__Exercise prompt__
Leave every image out, and print the remaining lines below exactly.

__Data shown__
§

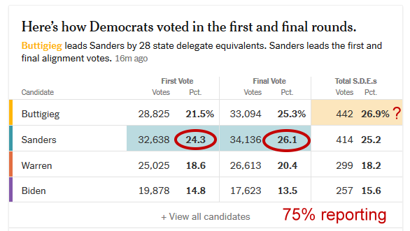 #IowaCaucus numbers & % show#Bernie2020 with higher 1st & Final votes and percent, yet they are giving lead to Buttigieg.#DNCFuckerypic.twitter.com/A0Z1Lm0VGS
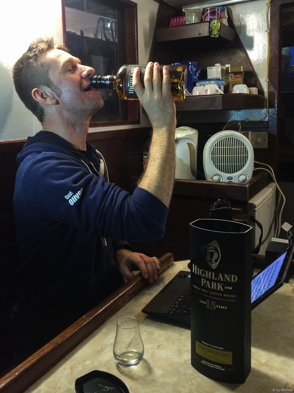 Trotzdem nimmt es Uwe mit Humor und will hier bleiben und die Woche soweit wie möglich genießen. Es sind ja auch ein paar Highlights geplant, die nichts mit Tauchen zu tun haben.
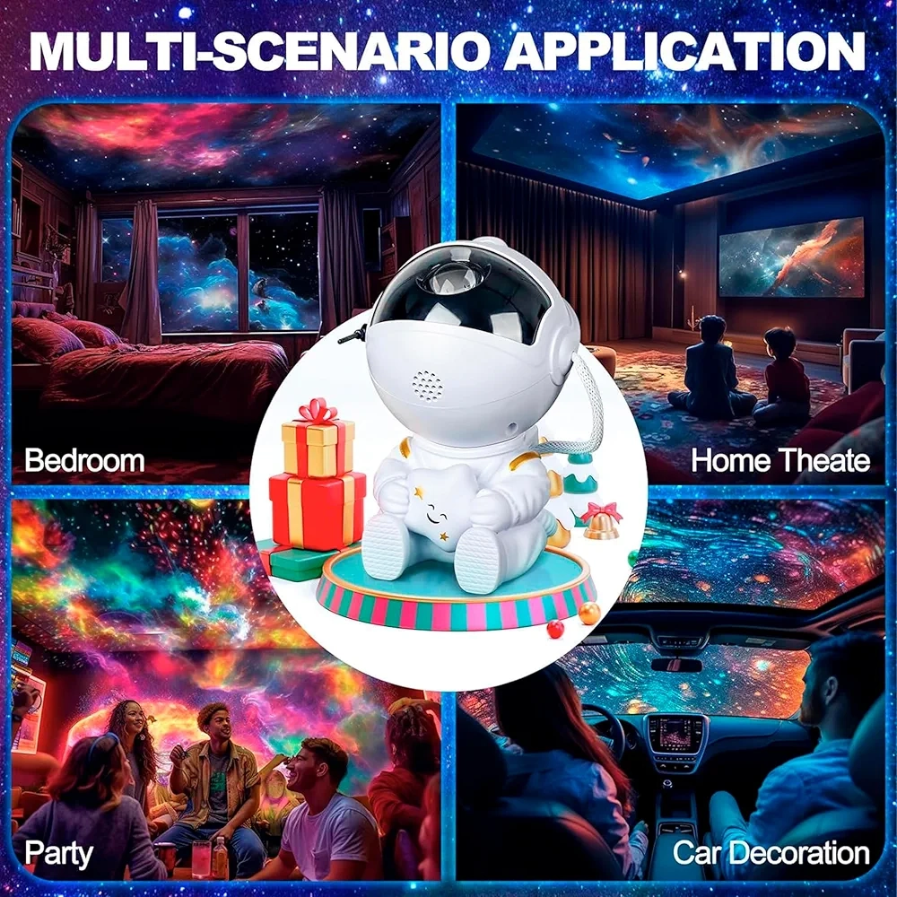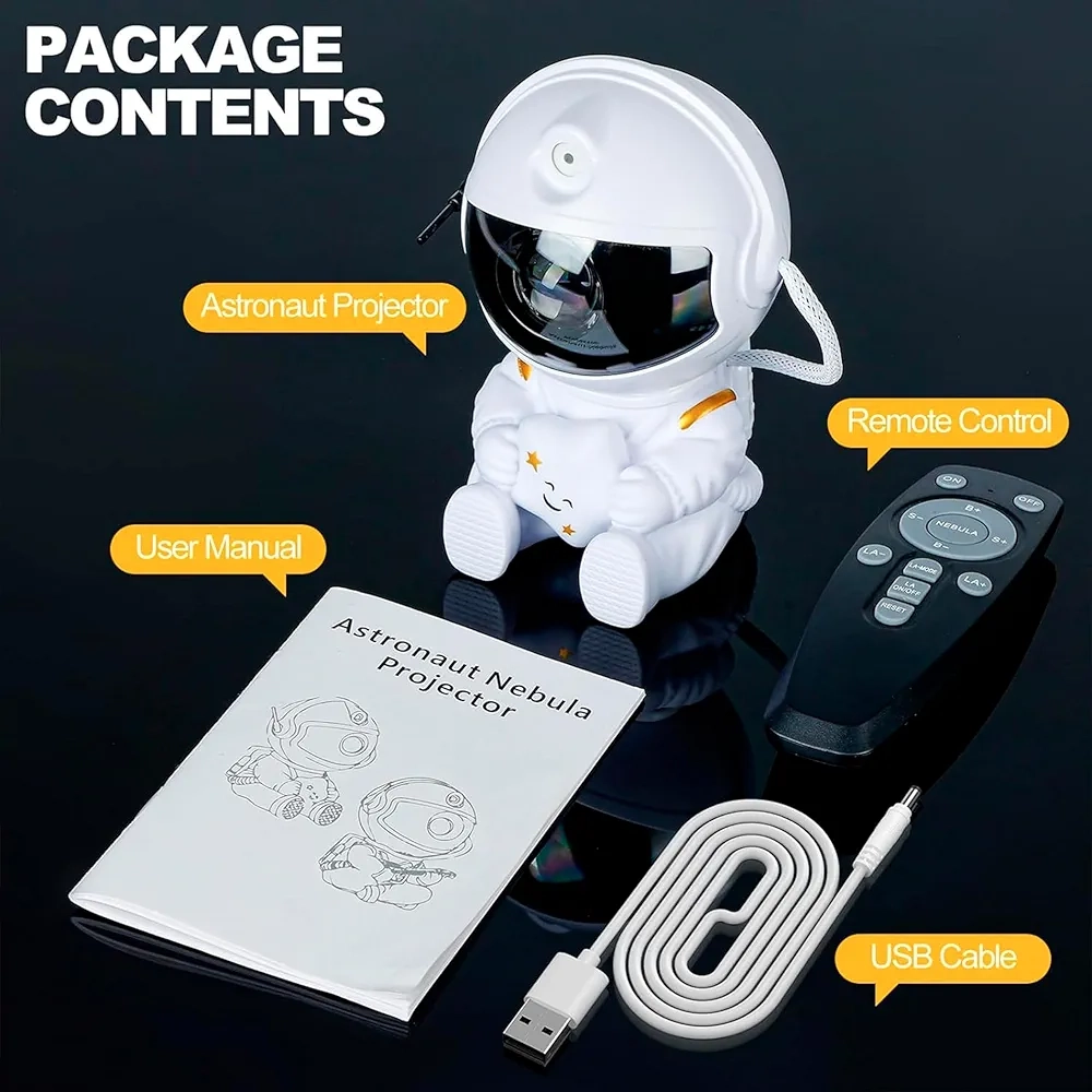 La tête d’astronaute pivote à 360°, vous permettant de projeter la nébuleuse où vous le souhaitez, sans aucune limite.

§

__Reply__
 #IowaCaucus numbers & % show#Bernie2020 with higher 1st & Final votes and percent, yet they are giving lead to Buttigieg.#DNCFuckerypic.twitter.com/A0Z1Lm0VGS
 Trotzdem nimmt es Uwe mit Humor und will hier bleiben und die Woche soweit wie möglich genießen. Es sind ja auch ein paar Highlights geplant, die nichts mit Tauchen zu tun haben.
 La tête d’astronaute pivote à 360°, vous permettant de projeter la nébuleuse où vous le souhaitez, sans aucune limite.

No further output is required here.